This is the last in a series of four articles describing the packaged investment products in relation to which the Law Society may authorise firms to conduct business.

In the previous articles (see (1997) Gazette, 14 May, p 29; 29 May, p 39 & 11 June, p 291 we considered protection products and collective investments and this article deals with the third type of packaged product, namely pensions.The most striking development in the pensions world over the past decade has been the decline of the traditional final salary occupational pension scheme and the increase in personal provision.

This can be ascribed to three factors: reduced permanency of employment; the increased costs involved in maintaining occupational schemes; and the introduction of the personal pension plan (PPP).The underlying shift has been from final salary to money purchase; ie from defined benefit schemes to defined contribution schemes.

Employers have been quick to appreciate the advantages of escaping the open-ended obligation imposed by final salary schemes, which guarantee benefits as a proportion of employees' final salaries and replacing this with arrangements which shift onto the employee the risk that investment returns may not produce the required levels of benefit.Employers have moved into money purchase at two levels.

The Executive Pension Plans (EPPs) introduced by the Finance Act 1970 continue to provide the means of securing bespoke benefits for senior executives, whether insured or self-administered, and whether in addition to or in lieu of occupational scheme membership.

For their workforces, companies have been able to choose between company money purchase schemes which could either be contracted into the SERPs scheme (CIMPs) or contracted out (COMPs).A third alternative is for the employer to avoid involvement in scheme administration by establishing a bulk deal with a PPP provider, to encourage employees to make their own provision on terms which would not be available to them individually.In the event, the increasing cost burden placed on company schemes -- the latest twist having come from the Pensions Act 1995 -- has all but driven COMPs out of the market and has produced a wholesale movement to what have become known as Group PPPs.Meanwhile, special situations have been addressed by special products.

For members of occupational schemes wishing to make additional personal contributions, free-standing additional voluntary contracts (AVCs) are available; while scheme leavers with accrued benefits have been able to transfer these into s 32 buy-out bonds, in which the value of accrued SERPS benefits can be guaranteed.

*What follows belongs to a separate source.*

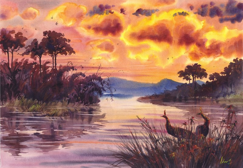 нарисованные акварелью, и, конечно, обитатели этих мест: яркие птицы-носороги,

However, both types of contract are affected by the process of simplification.

The replacement under the Pensions Act 1995 of guaranteed minimum pensions (GMPs) with 'equivalent benefits' has placed a question over the future of transfer policies; while the government is proposing to bring the rules for free standing AVCs (FSAVCs) into line with those for PPPs.

In consequence of this increasing polarisation between final salary occupational schemes and GPPs, decisions on whether or not to contract out of SERPs have also been devolved to the individual.Rebate-only PPPs, whose sole function is to receive the National Insurance rebate for contracted-out employees, can operate alongside both contributory PPPs and COMPs and have therefore become the preferred medium for individual contracting-out.When contracting-out through the PPPs was introduced in 1988, the government was keen to reduce the long-term demands on state provision and offered a flat-rate rebate, regardless of age, together with generous incentives to encourage the young to contract out.

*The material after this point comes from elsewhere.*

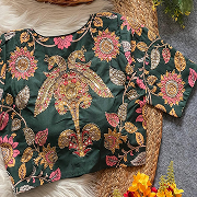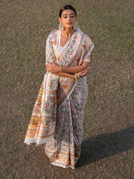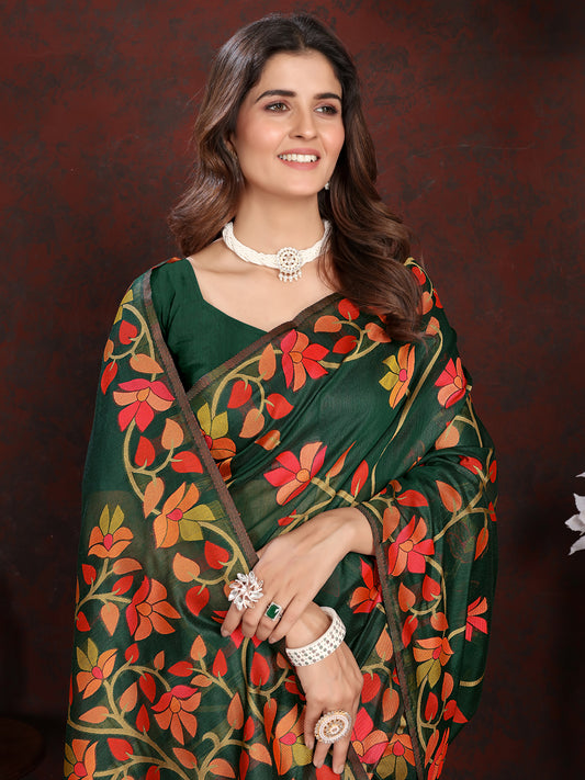 Vibrant Green Cotton Muslin Saree with Multicol...

The emphasis has now swung to dissuading those who have already contracted out from contracting back into SERPs and consequently with effect from April 1997 age-related rebates have been introduced.For the self-employed, the options are more limited.

S 226 Retirement Annuity Contracts (RACs) have been replaced by PPPs though existing RACs may be maintained alongside PPPs and a yearly decision can be taken as to whether the different contribution limits favour further investment in one or the other.

There is also an interesting new variant of PPP, namely the 'income withdrawal' plan, which was introduced in order to assist policyholders whose retirement coincided with a period of low annuity rates to delay purchasing their pension annuity.

This plan enables PPP holders (and prospectively EPP holders) any time after the age of 50 to transfer the value of their accrued contracts into a new plan from which a proportion of the investment income can be withdrawn, within limits laid down by the Government Actuaries Department.The result is that the tax-exempt pension investment fund can be maintained until up to the age of 75 and will form part of the estate on death.

Meanwhile tax-free cash can be taken out when the income withdrawal plan is effected, thus incidentally giving PPPs a fillip as a medium for mortgage repayment.Many income withdrawal plans are arranged as self-invested PPPs (SIPPs) which enable policyholders and advisers to agree a purpose-built investment portfolio which addresses the time scales and varying income needs of each individual.Pensions have traditionally accounted for the major part of the business of most financial advisers, but the pensions mis-selling scandal has curtailed activity.

All the financial services regulators now insist that persons who are qualified to undertake packaged products business must seek special approval to undertake transfer business and the Personal Investment Authority (PIA) is proposing to demand an additional level of qualification.Meanwhile the Law Society has already gone one stage further by requiring that firms which it authorises must demonstrate the same higher level of competence if they wish to undertake almost all types of pensions business other than that involving individual PPPs.With an expanding retired population and reduced state provision, pensions are perceived as the major growth area of financial services.

Solicitors who understand the synergy with their legal work and commit themselves to the necessary training stand to reap rich rewards.